One of the places I spent a lot of time is Youtube. I generally avoid Youtube for anything other than incomprehensible Japanese gameshows because videos get ranked according to popularity. And a climate scientist telling us the world as we know it is fucking over is bound not to be popular. But I was (and am) stunned by the comments that climate change videos attract.
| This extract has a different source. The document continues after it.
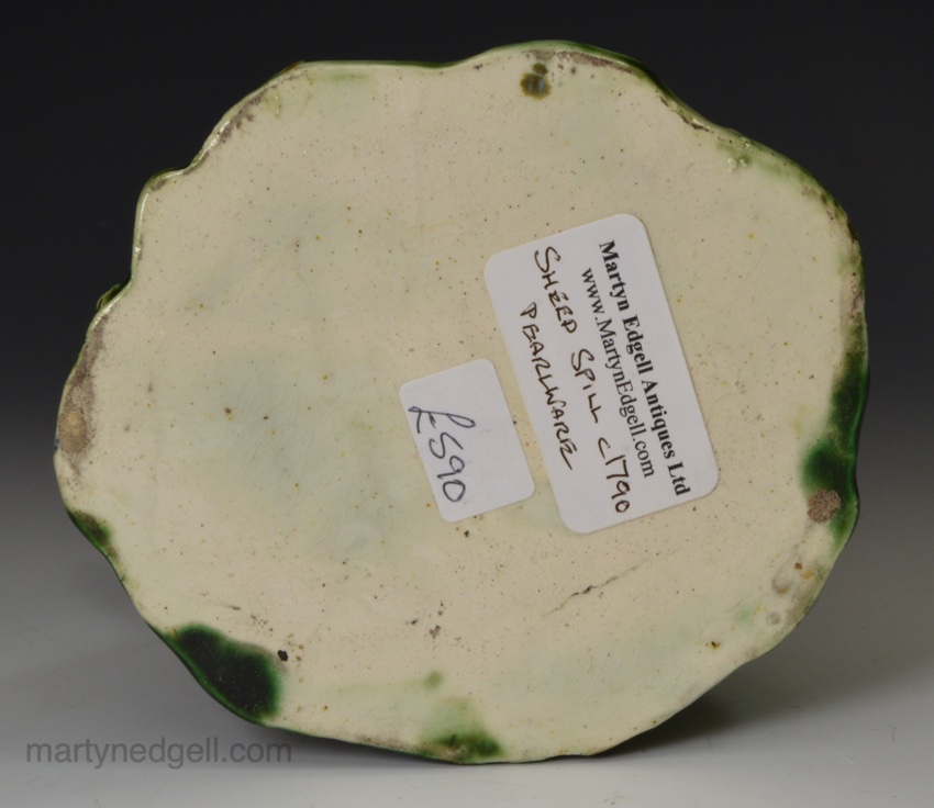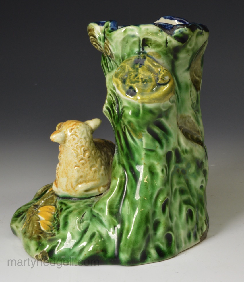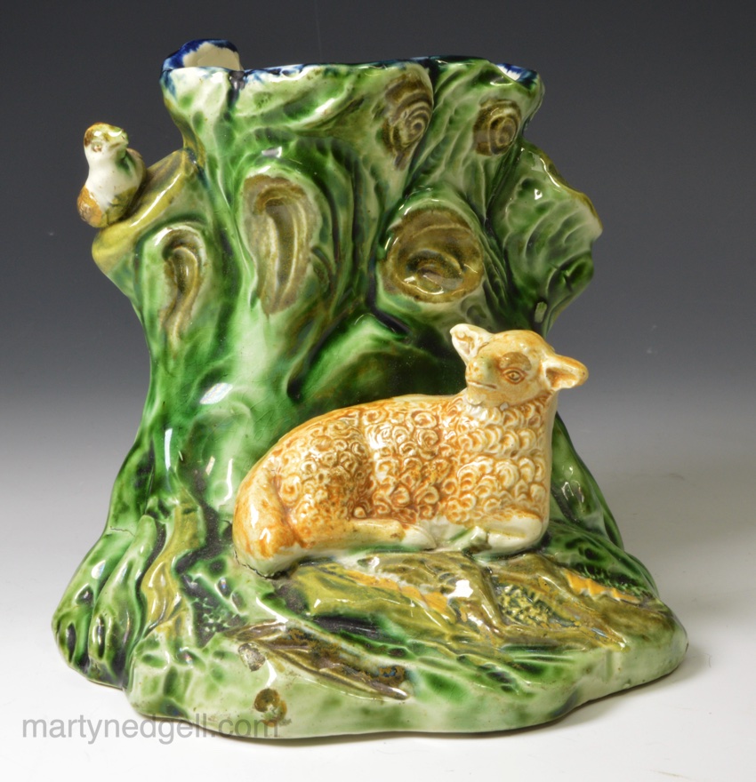 / Pearlware pottery sheep spill vase decorated with colours under the glaze, circa 1790

There is a large group of extremely dedicated commentators who want everyone who thinks climate change is anthropogenic thrown in prison, executed, or subjected to some form of humiliation. The crux of these comments is the same as that of Rep. Broun - climate change is a conspiracy of devils and liberals (interchangeable in his mind). Fuck the IPCC - the most rigorously vetted scientific findings in the history of our species. Fuck the liberal ideologues (like the World Bank, NASA, and the NSA) who think climate change is man-made and dangerous as fuck. It's a big-government conspiracy. If you believe their lies everything is evidence of climate change.

I remain undecided re who is more absurd: me hoping for the worst so the deniers will get their comeuppance or the deniers who think it is a hoax perpetrated by malefactors and brainwashed liberals. I have at least the good grace to be ashamed of my own irrational and stupid bias. And, if I gauge the worth of my position by the quality of my opposition, I am more correct than the deniers. I would rather oppose the Koch brothers than David Suzuki any day of the week.